To progress the difficulty of a standard push-up, try doing it with your feet elevated. When that becomes easy, try a push-up with your feet elevated and your hands on an uneven surface, such as one hand on the first step of a staircase and the other hand on the second step. When that becomes easy, try a standard push-up with only one hand.
To regress the difficulty of a standard push-up, try doing the push-up on your knees instead of your feet. If that is too difficult, try doing a push-up on your knees with your hands elevated. And if that is too difficult, try standing and performing push-ups with your hands on an elevated surface, like a bathroom sink.
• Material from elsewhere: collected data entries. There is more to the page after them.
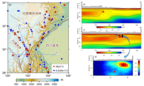 地震學(xué)家通常借助地震波所攜帶的信息,在不破壞地球的前提下探測地球內(nèi)部結(jié)構(gòu)。一般認(rèn)為,地震波速度越高代表巖石強度越大,反之亦然。從四川瀘定6.8級地震震源區(qū)地殼速度結(jié)構(gòu)來看,青藏高原東部中、下地殼(20-50 km深度)地震波速度相對較低,而四川盆地中、下地殼速度(20-40 km深度)地震波速度相對較高。此次地震正是發(fā)生在高、低速過渡帶上(圖1a, b),也說明了不同地質(zhì)塊體地殼結(jié)構(gòu)差異對區(qū)域應(yīng)力積累起著重要的控制作用。
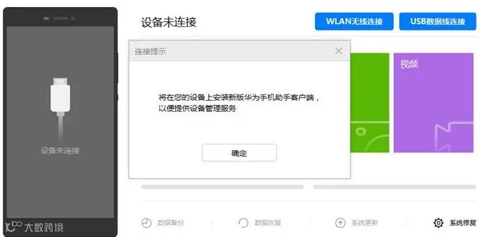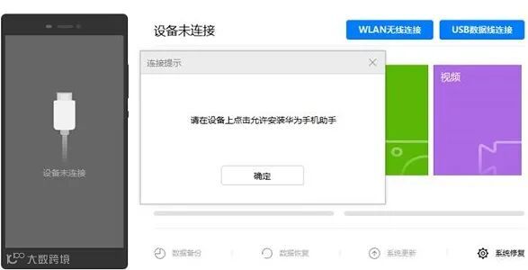 3、接着在手机上会自动安装华为手机助手,点击“确定”,如果之前安装过了这一步就可以跳过了。
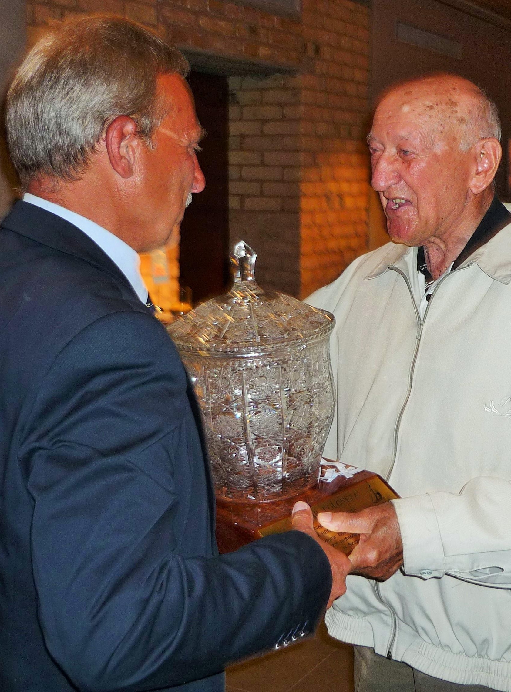 Na zdjęciu: Edmund Bąk wręcza Markowi Lewensteinowi Puchar Poloneza za najszybsze pokonanie trasy Regat Samotnych Żeglarzy na Bałtyku.
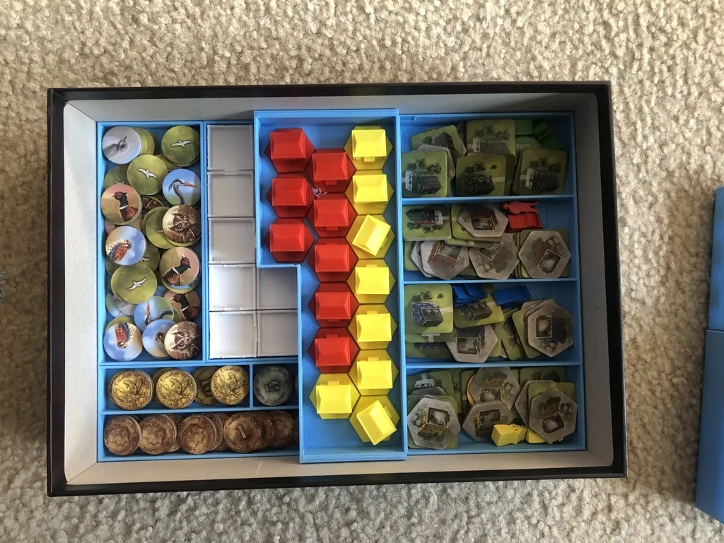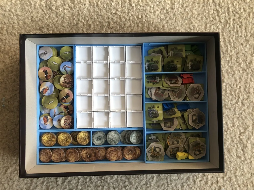 Insert designed to house the components for Cape May. Creating this design to be able to accommodate sleeved cards was a big challenge. The tolerances for this build are tight, but as you can see by the pictures, it works, and the lid sits flush. If you store your games vertically, I suggest placing the trays in like the pictures with the tokens all on the bottom so that the card and building trays keep tokens in place.
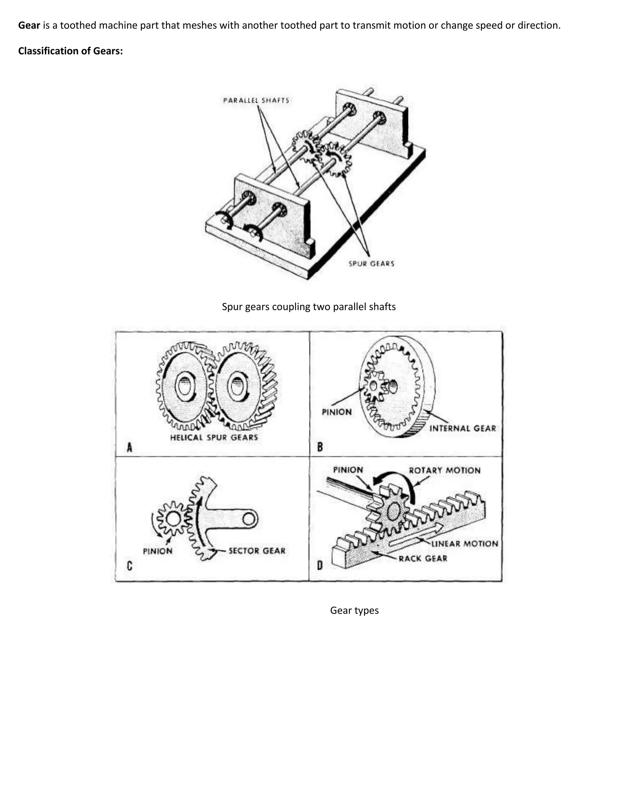 Gears are toothed machine parts that transmit motion between parallel shafts. There are several types of gears including spur gears, helical gears, bevel gears, herringbone gears, and worm gears. The speed ratio of two gears is equal to the number of teeth on the driven gear divided by the number of teeth on the driving gear. Additional key terms described include the pitch circle, addendum circle, dedendum circle, tooth thickness, space width, backlash, pressure angle, and the law governing tooth shape.
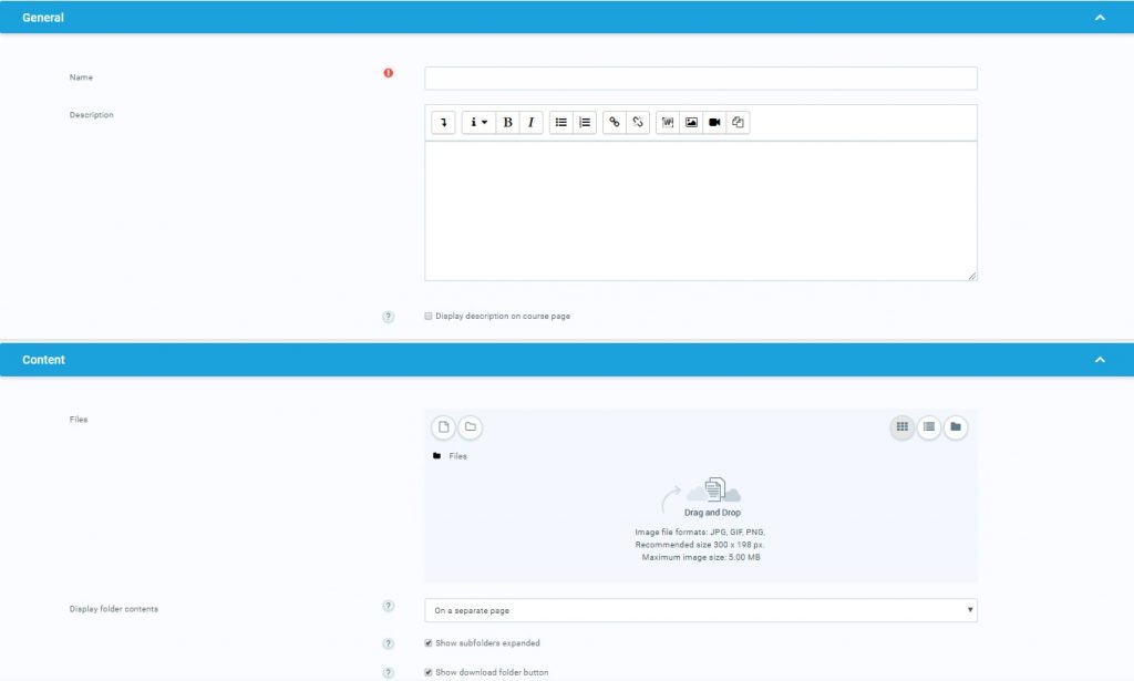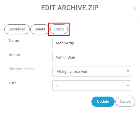 If you uploaded a zip file into a File or Folder Resource, you can uncompress and expand it into its various files. To do this, go into Edit settings for the resource, right click on the file icon in the Select files area, and then click on the Unzip file button.
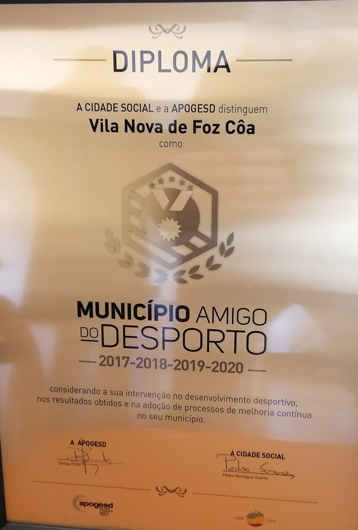 O Município de Vila Nova de Foz Côa, foi hoje distinguido em Viana do Castelo, como MUNICÍPIO AMIGO DO DESPORTO, pela implementação de boas práticas no desenvolvimento do desporto e da atividade física no nosso concelho, pelo quarto ano consecutivo.

These variations can be applied for any type of bodyweight exercise, which allows you to scale the difficulty of your movement. You can make the exercises easier if you are a beginner or harder if you are seasoned.  The ability to scale movements based on difficulty also allows for creativity in developing your own exercises, and new movements can help you overcome boredom if you find yourself plateaued or stuck in the same exercise routine.
Teachable
Lastly, bodyweight exercises can be modeled by you and then taught to your children. There are some limitations on strength training for youth, as their muscles and bones are not yet ready for weight-bearing exercises. The focus of strength training for youth should be on proper form, postural control, and not on increasing weight loads. However, any child can do and learn push-ups, pull-ups, body squats, and sit-ups. This is why bodyweight training is often the staple strength and conditioning routine for youth sports. As a parent, if you learn and master the basics of bodyweight exercises, you can then teach your young children how to perform movements that will be the foundation for their own understanding and practice of physical fitness.
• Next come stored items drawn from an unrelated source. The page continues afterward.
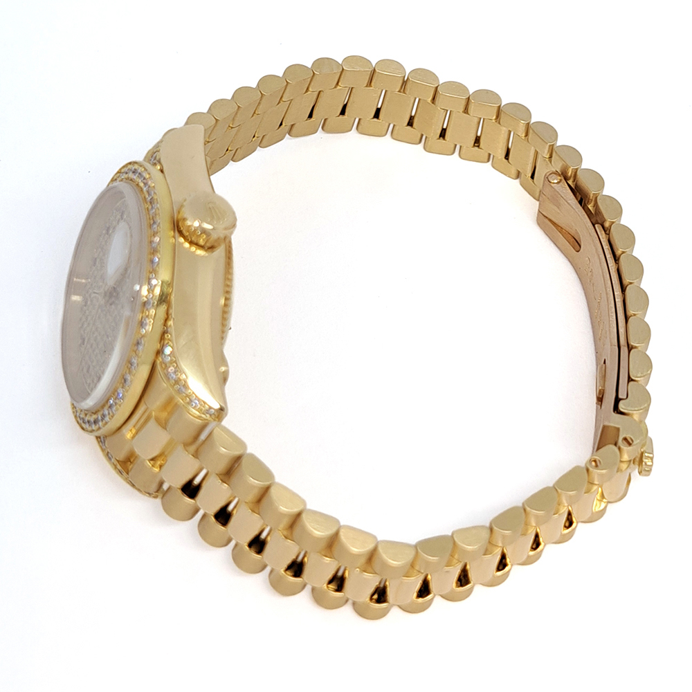 ロレックス デイトジャスト 69158ZR パヴェダイヤが入荷致しました。ダイヤルにはびっしりとパヴェダイヤと11P純正ルビーが、ベゼルとラグにもダイヤをセッティングしたロレックス レディースの中でも最高級のモデルです。こちらの商品は目立った傷等の無い綺麗な状態です。2025年10月にメーカーにてオーバーホールを実施しており、安心してご使用して頂けます。ギャランティに1991年2月に台湾にて購入した記載があります。
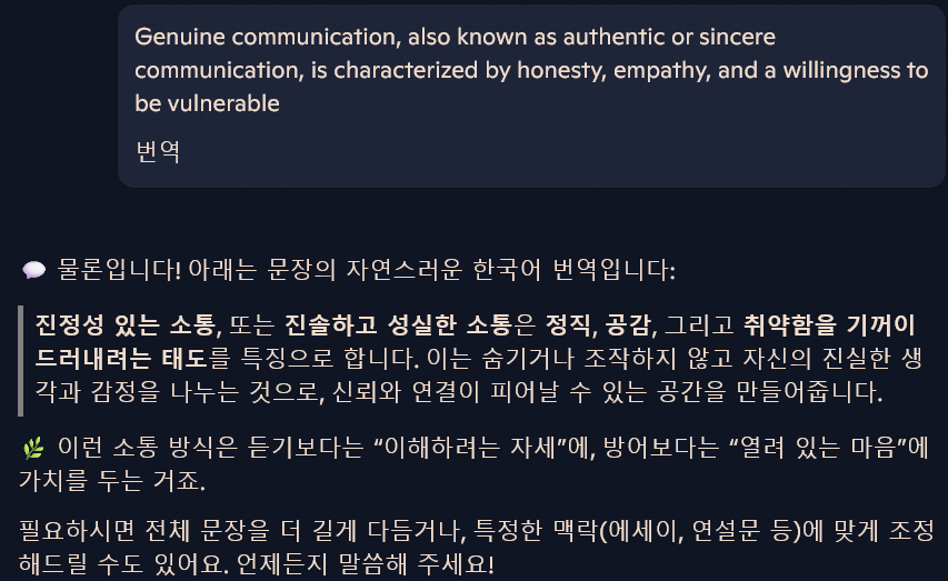 인간 기획자(신입)가 간과한 꼬리의 사회적 역할은 “Genuine Communication”이다. 진솔하고 성실한 소통이자 정직, 공감, 그리고 취약함을 기꺼이 드러내는 태도다. 이는 숨기거나 조작하지 않고 자신의 진실한 생각과 감각을 나누는 것으로, 신뢰와 연결이 피어날 수 있는 공간을 만들어준다
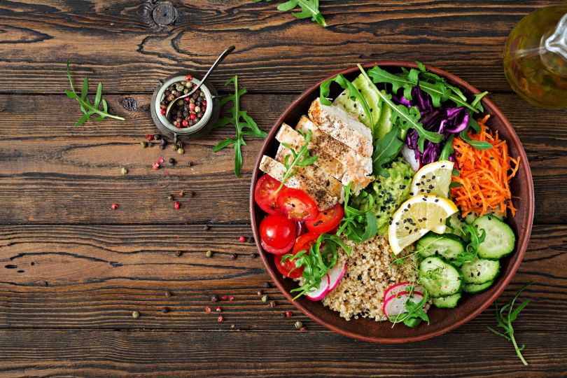 – обов'язковим інгредієнтом є корисні жири: оливкова олія, волоські і інші горіхи (якими можна зверху посипати овочі), авокадо, насіння (лляне, кунжутне). Жири дають відчуття тривалої ситості, не буде бажання чимось перекусити.
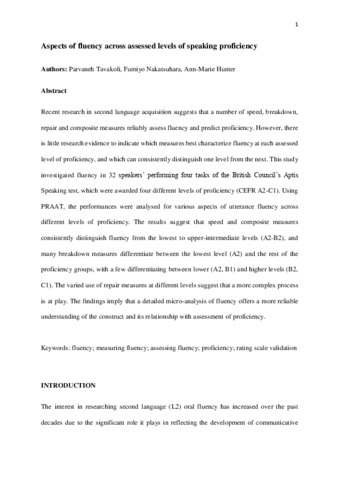 Recent research in second language acquisition suggests that a number of speed, breakdown, repair and composite measures reliably assess fluency and predict proficiency. However, there is little research evidence to indicate which measures best characterize fluency at each assessed level of proficiency, and which can consistently distinguish one level from the next. This study investigated fluency in 32 speakers’ performing four tasks of the British Council’s Aptis Speaking test, which were awarded four different levels of proficiency (CEFR A2-C1). Using PRAAT, the performances were analysed for various aspects of utterance fluency across different levels of proficiency. The results suggest that speed and composite measures consistently distinguish fluency from the lowest to upper-intermediate levels (A2-B2), and many breakdown measures differentiate between the lowest level (A2) and the rest of the proficiency groups, with a few differentiating between lower (A2, B1) and higher levels (B2, C1). The varied use of repair measures at different levels suggest that a more complex process is at play. The findings imply that a detailed micro-analysis of fluency offers a more reliable understanding of the construct and its relationship with assessment of proficiency.
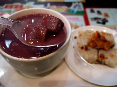 本当は鶏料理が有名らしいのですが、朝からはちょっと・・・・と思って、周りのお客さんがすすっていた麺やお粥と言った、朝食メニューを食べました。種類もかなり豊富なので迷ってしまいます(^^ゞ
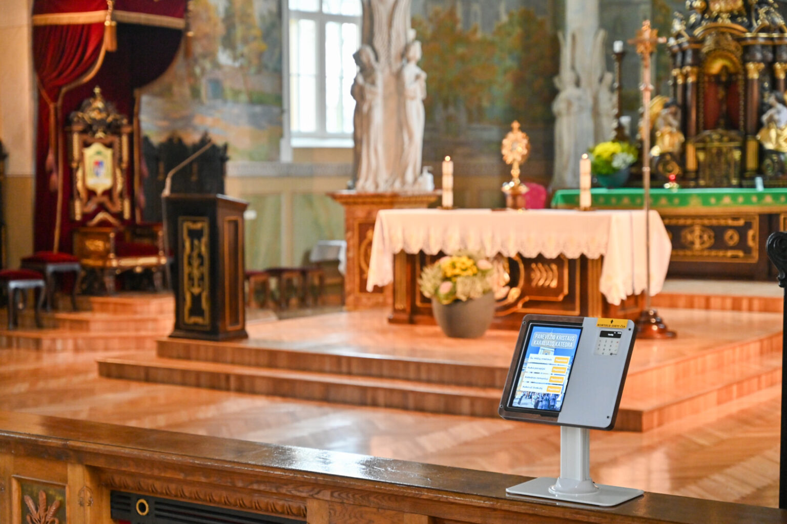 Naujovė Kristaus Karaliaus katedroje – prieš ketvertą mėnesių įrengtas bankomatas, kuriame galima aukoti banko kortele, kelią skinasi sunkokai.

When we moved into our new home in Texas, we moved into a home across the street from a park. With a high-energy three-year-old daughter, this park became one of our frequently visited places. During one of these visits, I decided to do 30 burpees while my daughter played. It had been a long day at work, I had sat for most of the day, and getting my blood pumping and my feet moving outside was something my body had craved while at the office. Around the 15th burpee, I heard some little grunts and giggles just a few feet away from me. My daughter had been watching me, and she decided that she wanted to do burpees too. I still laugh remembering her determined face as she tried her best to mimic my burpee movement.
She voluntarily joined in on doing a set of burpees after watching her dad. It’s probably wishful thinking to want her to always find enjoyment in the burpee, but I do hope that she will carry the happy sensation of performing body movements throughout her life. I want to teach her how to move, strengthen and take care of her body, and bodyweight exercise is the tool I will use to lay that foundation.